Let’s look at some other trends:

1. COVID-19 has shown that governments still play an essential role. Crucially, they can regulate things by closing businesses, restricting movement and travel, and their role in health care (including vaccine and drug development and distribution). The pandemic may have generated an extreme example, but it still reminds us how governments still have the last say. We also see this in the realm of data privacy regulation (e.g. GDPR and CCPA) and how Silicon Valley executives need to travel occasionally to Capitol Hill to explain issues their businesses generate.

2. In the past decade, we have seen trends in technologies moving towards a centralized model. Nevertheless, that trend has already turned, and we are witnessing new developments adopting decentralized and distributed solutions. We now have, for example, blockchain, cryptos, user-held data, and edge computing. They don’t dominate markets yet, and they have their issues, but they are rapidly developing areas getting considerable traction from users, developers and investors.

3. People are becoming more interested in protecting their digital rights. I recently wrote an article showing that people are interested in privacy and protecting their data. People also consider which data management tools to adopt and how they use them. This also means politicians are becoming more interested in these issues, and it offers opportunities to companies to offer new kinds of digital services to individuals.

4. Also, the employees of the digital giants become more skeptical about how their companies work. This has an impact on what kind of people and competence levels they can attract. At the same time, we see many others keen to develop new solutions relying on technologies such as blockchain and open source.

New decentralized world

We are still at an early stage with new regulations and decentralized solutions that empower individuals. Let’s think of a vision where individuals can collect and store all their data in the cloud or their own servers, choose which country to keep it depending on the legislation they prefer.
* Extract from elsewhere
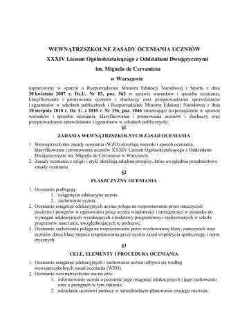 WEWNĄTRZSZKOLNE ZASADY OCENIANIA UCZNIÓW XXXIV Liceum Ogólnokształcącego z Oddziałami Dwujęzycznymi im. Miguela de Cervantesa w Warszawie (opracowany w oparciu o Rozporządzenie Ministra Edukacji Narodowej i Sportu z dnia 30 kwietnia 2007 r. Dz.U. Nr 83, poz. 562 w sprawie warunków i sposobu oceniania, klasyfikowania i promowania uczniów i słuchaczy oraz przeprowadzania sprawdzianów i egzaminów w szkołach publicznych i Rozporządzenie Ministra Edukacji Narodowej z dnia 20 sierpnia 2010 r. Dz. U. z 2010 r. Nr 156, poz. 1046 zmieniające rozporządzenie w sprawie warunków i sposobu oceniania, klasyfikowania i promowania uczniów i słuchaczy oraz przeprowadzania sprawdzianów i egzaminów w szkołach publicznych). §1 ZADANIA WEWNĄTRZSZKOLNYCH ZASAD OCENIANIA 1. Wewnątrzszkolne zasady oceniania (WZO) określają warunki i sposób oceniania, klasyfikowania i promowania uczniów XXXIV Liceum Ogólnokształcącego z Oddziałami Dwujęzycznymi im. Miguela de Cervantesa w Warszawie. 2. Zasady oceniania z religii i etyki określają odrębne przepisy, które uwzględnia przedmiotowe zasady oceniania. §2 PŁASZCZYZNY OCENIANIA 1. Ocenianiu podlegają: 1. osiągnięcia edukacyjne ucznia 2. zachowanie ucznia. 2. Ocenianie osiągnięć edukacyjnych ucznia polega na rozpoznawaniu przez nauczycieli poziomu i postępów w opanowaniu przez ucznia wiadomości i umiejętności w stosunku do wymagań edukacyjnych wynikających z podstawy programowej i realizowanych w szkole programów nauczania, uwzględniających tę podstawę. 3. Ocenianie zachowania polega na rozpoznawaniu przez wychowawcę klasy, nauczycieli oraz uczniów danej klasy stopnia respektowania przez ucznia zasad współżycia społecznego i norm etycznych. §3 CELE, ELEMENTY I PROCEDURA OCENIANIA 1. Ocenianie osiągnięć edukacyjnych i zachowania ucznia odbywa się według wewnątrzszkolnych zasad oceniania (WZO). 2. Ocenianie wewnątrzszkolne ma na celu: 1. informowanie ucznia o poziomie jego osiągnięć edukacyjnych i jego zachowaniu oraz o postępach w tym zakresie; 2. udzielanie uczniowi pomocy w samodzielnym planowaniu swojego rozwoju; 3. motywowanie ucznia do dalszych postępów w nauce i zachowaniu; 4. dostarczenie rodzicom (prawnym opiekunom) i nauczycielom informacji o postępach, trudnościach w nauce, zachowaniu oraz specjalnych uzdolnieniach ucznia 5. umożliwienie nauczycielom doskonalenia organizacji i metod pracy dydaktyczno wychowawczej. 3. Ocenianie wewnątrzszkolne obejmuje: 1. formułowanie przez nauczycieli wymagań edukacyjnych niezbędnych do uzyskania poszczególnych śródrocznych i rocznych ocen klasyfikacyjnych z obowiązkowych i dodatkowych zajęć edukacyjnych; 2. ustalenie kryteriów oceniania zachowania; 3. ocenianie bieżące i ustalanie śródrocznych ocen klasyfikacyjnych z obowiązkowych i dodatkowych zajęć edukacyjnych oraz śródrocznej oceny klasyfikacyjnej zachowania według zasad podanych poniżej; 4. przeprowadzanie egzaminów klasyfikacyjnych; 5. ustalanie rocznych ocen klasyfikacyjnych z obowiązkowych i dodatkowych zajęć edukacyjnych oraz rocznej oceny klasyfikacyjnej zachowania; 6. ustalanie warunków i trybu uzyskania wyższych niż przewidywane rocznych (semestralnych) ocen klasyfikacyjnych z obowiązkowych i dodatkowych zajęć edukacyjnych oraz rocznej oceny klasyfikacyjnej zachowania; 7. ustalenie warunków i sposobu przekazywania rodzicom (prawnym opiekunom) informacji o postępach i trudnościach ucznia w nauce. 4. Procedura oceniania 1. Nauczyciel przedmiotu systematycznie dokonuje oceny wiedzy i umiejętności ucznia w formach i warunkach zapewniających obiektywność oceny, 2. Nauczyciel przedmiotu powiadamia uczniów przynajmniej z jednotygodniowym wyprzedzeniem, o terminie i zakresie pisemnych sprawdzianów wiadomości. W ciągu jednego dnia może się odbyć nie więcej niż jedna praca klasowa (pisemny sprawdzian), a w ciągu tygodnia – trzy (nie dotyczy to prac klasowych i sprawdzianów przekładanych na prośbę uczniów). 3. Wychowawca udziela informacji rodzicom (prawnym opiekunom) o ocenach w formie ustnej lub w postaci wypisu ocen z dziennika w czasie zebrań, na przerwach lub po lekcjach (po wcześniejszym uzgodnieniu terminu spotkania). 4. Wychowawca zaprasza na zebrania, w ten sposób umożliwia rodzicom spotkanie z innymi nauczycielami i uzyskanie dodatkowych informacji o postępach ucznia. §4 ZAPOZNAWANIE Z ZASADAMI OCENIANIA 1. Nauczyciele na początku każdego roku szkolnego informują uczniów oraz ich rodziców (prawnych opiekunów) o: 1. wymaganiach edukacyjnych niezbędnych do uzyskania poszczególnych śródrocznych i rocznych ocen klasyfikacyjnych z obowiązkowych i dodatkowych zajęć edukacyjnych, wynikających z realizowanego przez siebie programu nauczania; 2. sposobach sprawdzania osiągnięć edukacyjnych uczniów; 3. o warunkach i trybie uzyskania wyższej niż przewidywana rocznej oceny klasyfikacyjnej z obowiązkowych i dodatkowych zajęć edukacyjnych. 2. Wychowawca klasy na początku każdego roku szkolnego informuje uczniów oraz ich rodziców (prawnych opiekunów) o warunkach i sposobie oraz kryteriach oceniania zachowania oraz warunkach i trybie uzyskania wyższej niż przewidywana rocznej oceny klasyfikacyjnej z zachowania. 3. Procedura informowania uczniów i rodziców 1. Nauczyciel na pierwszej lekcji danego przedmiotu nauczania odczytuje i omawia wymagania edukacyjne 2. Stosownym wpisem w dzienniku nauczyciel dokumentuje zapoznanie uczniów z wymaganiami edukacyjnymi 3. Wychowawca we wrześniu na godzinie wychowawczej zapoznaje uczniów z wewnątrzszkolnymi zasadami oceniania i fakt ten dokumentuje stosownym wpisem w dzienniku lekcyjnym 4. Wychowawca na pierwszym lub drugim zebraniu zapoznaje rodziców (prawnych opiekunów) z wewnątrzszkolnymi zasadami oceniania oraz z wybranymi przedmiotowymi zasadami oceniania przekazanymi mu przez dyrekcję szkoły lub nauczycieli poszczególnych przedmiotów 5. Rodzice poświadczaj

It is possible to imagine a world where your own AI helps you with your data, your money is in your crypto-wallet, and communications tools are built on decentralized solutions and open source components. These are not yet mainstream solutions, but they are all available now, and they are developing fast.

For governments, the question is not only how to regulate businesses but also individuals. We see how various governments are worried about decentralized solutions and cryptos and want to allow only solutions they can control. Tools to manage the currency and collect taxes are fundamental for any government.

Digital technology has enabled the creation of a few globally dominant tech companies. At the same time, we know that technology development is fast. Microsoft’s monopoly in PC operating systems and antitrust debate to split it now seems like ancient history, although it was only 20 years ago. It’s important to take the regulation of digital companies seriously. Yet, we also witness development that can change things rapidly and empower individuals in the digital world. And it is suitable for most people, governments, and even businesses to get to a more decentralized digital world soon. It is better for the rights of people, but probably better for political systems, too, that people can feel they can control and protect their rights.

1 Comment

  1. Amen to “Let’s think of a vision where individuals can collect and store all their data in the cloud or their own servers…”! I’d add “… and allow others to access it on the fly, but not make copies of it”. The only pragmatic way to own your personal data is to own it exclusively.